Attorney General Dustin McDaniel says he's joined in other states in pressing Google for more information about whether it's Street View map feature gathered personal data about users that was disseminated without users' knowledge to others. Or I think that's what the complaint is.
I've read a bit about the complaint (and used Street View, which gives you a photographic view of a street address), but still don't quite get the bone of contention. I gave up a long time ago on expecting privacy about just about anything. As somebody once pointed out, Street View of one location in Little Rock actually caught me and my wife walking our dog. The gun nuts proudly distributed worldwide a satellite view of my house and my phone number. They thought they were geniuses. It took some real sleuthing. I've been in the phone book 37 years.
MCDANIEL NEWS RELEASE
LITTLE ROCK — Arkansas Attorney General Dustin McDaniel today said he is participating in an ongoing multistate investigation into Google’s unauthorized collection of data transmitted over wireless computer networks.
Google has admitted that the software used in its Street View program collected data that could have included passwords, e-mails or web browsing histories. The company said the information was collected by mistake, but Google’s initial response to a May 27 letter from Connecticut Attorney General Richard Blumenthal did not fully explain how the mistake occurred, what data was collected and what has happened to that data.
In Google’s response, the company provided information which the states believe is not fully responsive to the inquiry and which actually raises more questions about the Google Street View program.

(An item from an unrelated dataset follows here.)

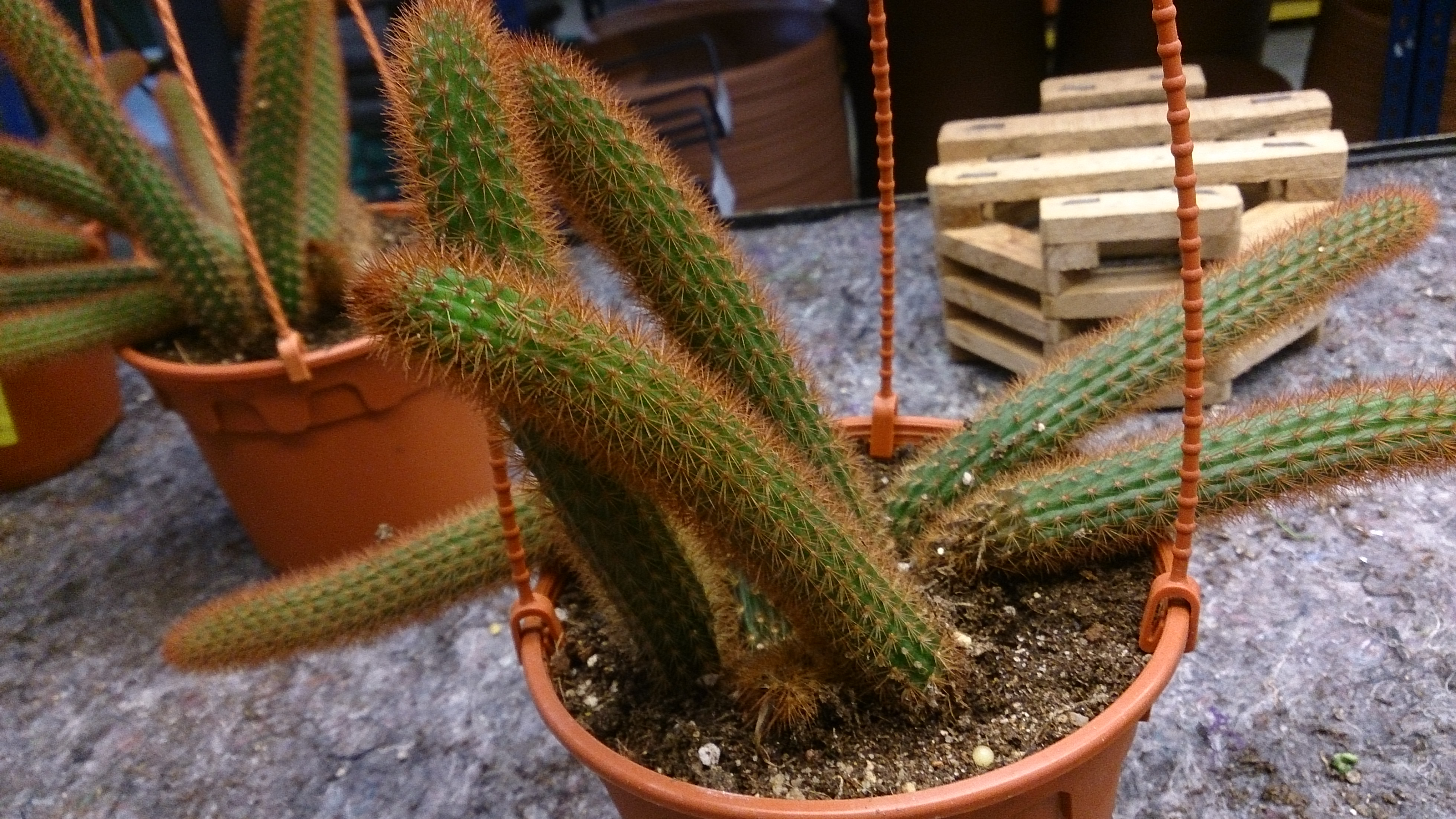 Aporocactus flagelliformis. Common name: Rat Tail Cactus

A chief concern of the Attorney General's office is whether Google sold or otherwise disclosed information that may have been gathered by its Street View software.
“ The people of Arkansas deserve answers from Google as to whether they collected any sensitive data while in the state and how the company allowed it to happen,” McDaniel said. “Businesses and families need to be confident that information transmitted over wireless networks remains private. To that end, this coalition will work vigorously to get to the bottom of this and make sure something similar doesn’t happen again.”
Arkansas is among 38 states participating in the multistate investigation that began in May.
A follow-up letter from Blumenthal requests that Google identify the parties responsible for inserting code into Street View software that allowed for the unauthorized data collection. Google is asked whether it tested the software before use, since tests should have identified the code that allowed the software to snoop over WiFi networks.